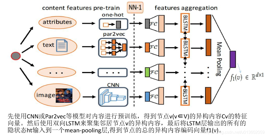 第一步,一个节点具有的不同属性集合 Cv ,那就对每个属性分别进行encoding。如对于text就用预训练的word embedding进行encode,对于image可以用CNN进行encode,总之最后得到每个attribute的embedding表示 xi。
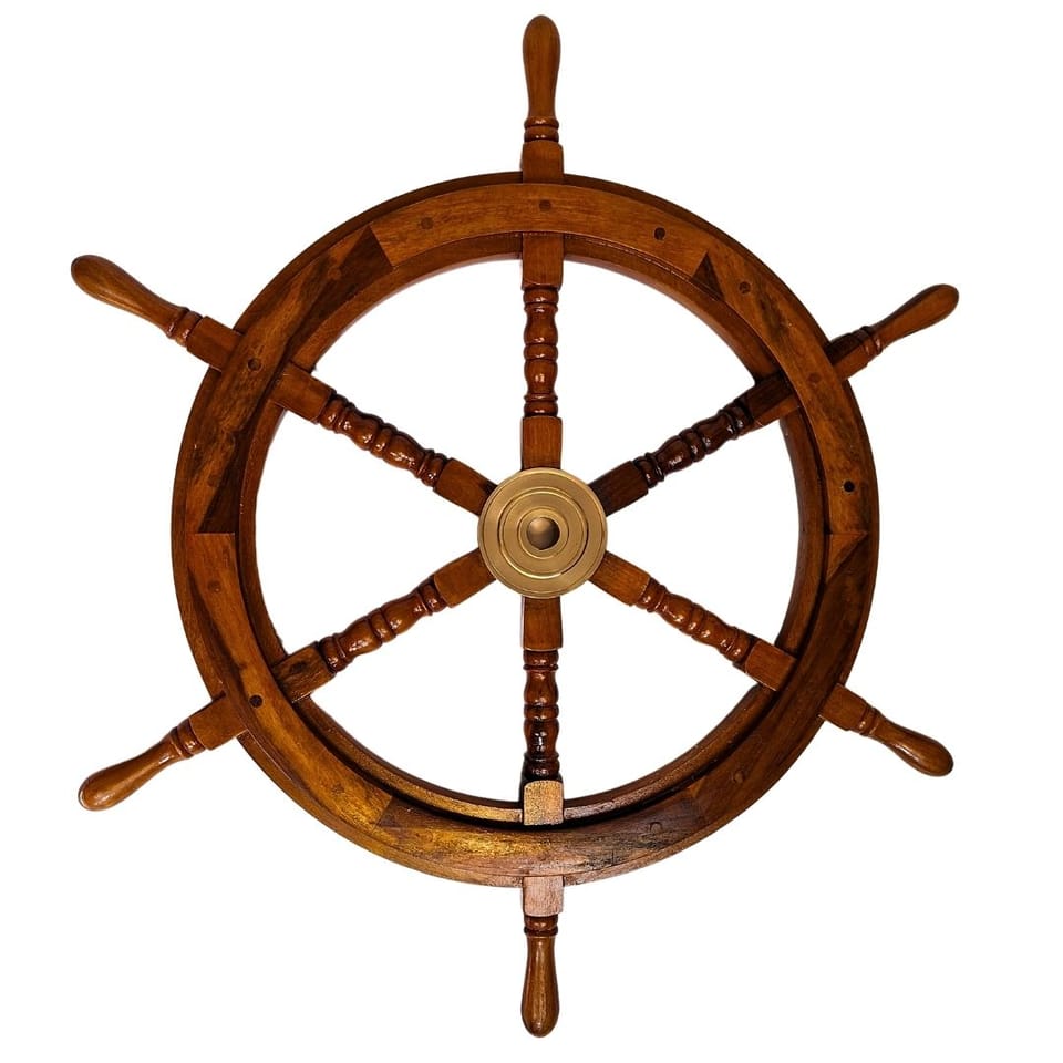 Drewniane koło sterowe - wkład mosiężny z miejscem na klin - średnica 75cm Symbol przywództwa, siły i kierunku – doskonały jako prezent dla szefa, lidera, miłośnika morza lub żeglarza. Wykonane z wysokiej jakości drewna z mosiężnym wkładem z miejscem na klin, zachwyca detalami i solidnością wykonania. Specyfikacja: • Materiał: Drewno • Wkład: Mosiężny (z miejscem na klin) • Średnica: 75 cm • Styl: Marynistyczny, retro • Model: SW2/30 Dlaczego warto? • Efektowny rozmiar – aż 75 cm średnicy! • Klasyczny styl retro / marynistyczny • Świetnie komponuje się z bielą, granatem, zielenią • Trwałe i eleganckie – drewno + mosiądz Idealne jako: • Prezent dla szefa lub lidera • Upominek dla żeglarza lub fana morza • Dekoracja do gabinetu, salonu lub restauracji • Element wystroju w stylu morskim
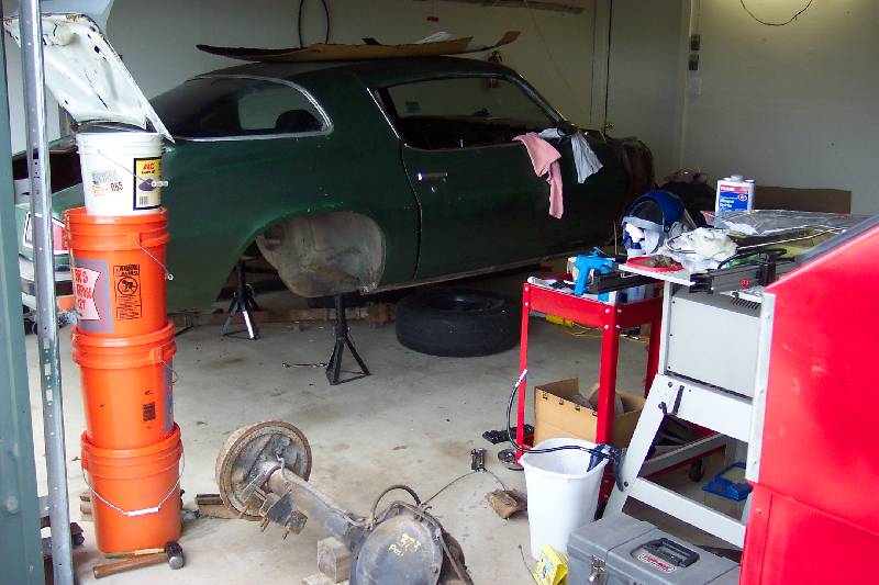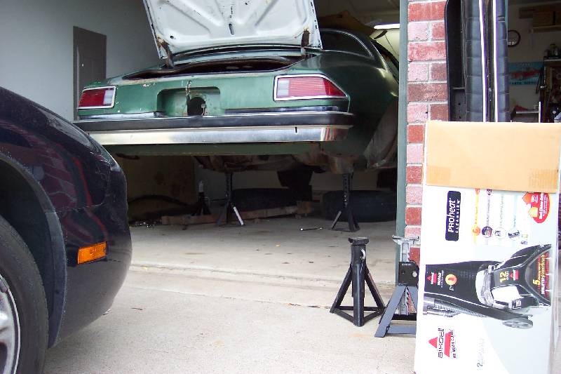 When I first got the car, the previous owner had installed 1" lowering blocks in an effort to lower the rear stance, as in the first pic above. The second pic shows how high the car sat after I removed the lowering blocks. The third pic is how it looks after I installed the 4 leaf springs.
——
▸ **YOUR ASSIGNMENT**
Return the data above unchanged. Pictures are not part of the copy.

▸ **PROBLEM SOLUTION**
 第一步,一个节点具有的不同属性集合 Cv ,那就对每个属性分别进行encoding。如对于text就用预训练的word embedding进行encode,对于image可以用CNN进行encode,总之最后得到每个attribute的embedding表示 xi。
 Drewniane koło sterowe - wkład mosiężny z miejscem na klin - średnica 75cm Symbol przywództwa, siły i kierunku – doskonały jako prezent dla szefa, lidera, miłośnika morza lub żeglarza. Wykonane z wysokiej jakości drewna z mosiężnym wkładem z miejscem na klin, zachwyca detalami i solidnością wykonania. Specyfikacja: • Materiał: Drewno • Wkład: Mosiężny (z miejscem na klin) • Średnica: 75 cm • Styl: Marynistyczny, retro • Model: SW2/30 Dlaczego warto? • Efektowny rozmiar – aż 75 cm średnicy! • Klasyczny styl retro / marynistyczny • Świetnie komponuje się z bielą, granatem, zielenią • Trwałe i eleganckie – drewno + mosiądz Idealne jako: • Prezent dla szefa lub lidera • Upominek dla żeglarza lub fana morza • Dekoracja do gabinetu, salonu lub restauracji • Element wystroju w stylu morskim
 When I first got the car, the previous owner had installed 1" lowering blocks in an effort to lower the rear stance, as in the first pic above. The second pic shows how high the car sat after I removed the lowering blocks. The third pic is how it looks after I installed the 4 leaf springs.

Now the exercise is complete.